Wir wurden von einem Arzt untersucht und mir wurden mit einer großen Spritze die Ohren ausgespült - auch das erinnere ich positiv - . Ich weiß doch, dass ich Respekt vor dem Arztbesuch hatte.
Leider erinnere ich mich an sehr wenig, weder an das Haus, noch die Umgebung, noch an Unternehmungen oder Spaziergänge - gar nichts - bis auf ein paar "Fetzen", die ich hier erzähle. Ich wollte gerne noch einmal zurück und habe meine Mutter in der Zeit danach immer mal gefragt, ob das nicht gehen würde. Aber ein zweites Mal war wohl nicht geplant. Der Aufenthalt war für mich positiv, ohne Wenn und Aber. Ich denke, dass ich trotzdem nach der Kur nicht mehr dieselbe war, sondern bereits ein ganzes Stück abgenabelt.
Ich erinnere mich nicht an die Rückfahrt nach hause.
Auch hatte ich eine Freundin gefunden, mit der ich noch einige Jahre Briefe ausgetauscht habe, die etwas älter war als ich und die mich später über Facebook wieder ausfindig gemacht hat : ) ... Ich meine, dass sie sich etwas um mich gekümmert hat - zumindest habe ich eine solche Ahnung.
Wir durften nach Haus schreiben, vielleicht wurden die Zeilen überprüft, ich habe das nicht so empfunden. Ich erhielt auch Post von zuhause - einmal sogar ein Päckchen von einer Oma.
Die negativen Geschichten über Verschickungskinder haben mich sehr betroffen gemacht und ich bin dankbar, dass mir nichts dergleichen widerfahren ist, sondern wir damals mit dem Personal dort offensichtlich großes Glück hatten. Ich erinnere mich nicht daran, dass Kinder bestraft wurden oder geweint haben.

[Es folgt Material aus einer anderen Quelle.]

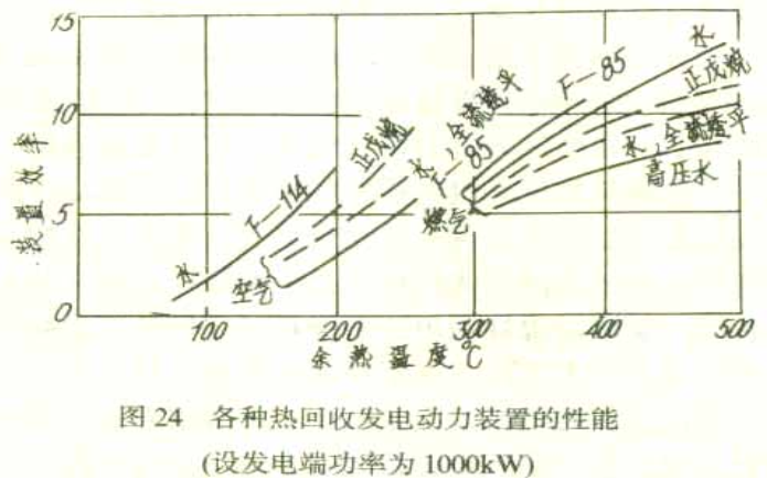 工業(yè)余能的利用,是個(gè)大問(wèn)題。我國(guó)工業(yè)耗能約占全國(guó)總能耗的三分之二,而利用效率低,大量余能白白丟掉了,今后應(yīng)該好好利用起來(lái)。余能利用的辦法與它的品位很有關(guān)系,前面介紹熱力學(xué)第二定律,已經(jīng)提到能源品位的高低對(duì)熱機(jī)熱效率的影響。例如有高溫的廢氣,溫度甚至高到1000℃以上,如果氣體壓力也比較高,那就很好利用,把它通過(guò)一個(gè)膨脹氣輪機(jī)(例如煙氣輪機(jī)),高溫高壓的氣體就可以膨脹作功。高爐煤氣、焦?fàn)t煤氣、化工工業(yè)中都有兩個(gè)大氣壓上下的高溫氣體,過(guò)去是浪費(fèi)掉了,現(xiàn)在裝上一個(gè)煙氣輪機(jī),就可以很好利用這個(gè)能量了。但是如果高溫氣體壓力只是略大于大氣壓,就不能膨脹作功,只能作為一個(gè)熱源來(lái)使用,用在封閉式的氣輪機(jī)上,或者用來(lái)產(chǎn)生蒸汽通過(guò)汽輪機(jī)發(fā)電。假如余氣的溫度低,只有300℃左右,則需應(yīng)用有機(jī)工質(zhì)的蒸汽循環(huán)(圖24),勉強(qiáng)還可以使用。從熱力學(xué)第二定律就可以看出熱效率會(huì)很低(目前不會(huì)超過(guò)8%),而設(shè)備投資比較大,回收投資的年數(shù)也就多了。要比較用熱機(jī)來(lái)發(fā)電,還是用來(lái)產(chǎn)生工業(yè)上或者生活供暖上所需要的低溫蒸汽,或熱水那一個(gè)更為合算。

Ich habe vor einiger Zeit recherchiert und herausgefunden, dass eine liebe Schwester die Leitung zu dieser Zeit innehatte - zumindest hieß es in einem Nachruf so - Leider habe ich diese Quelle nun nicht mehr gefunden - Schade . Das Kindererholungsheim besteht heute nicht mehr. Ich wäre heute gerne einmal dorthin gefahren, um zu sehen, ob ich mich an irgendetwas weiteres erinnern kann.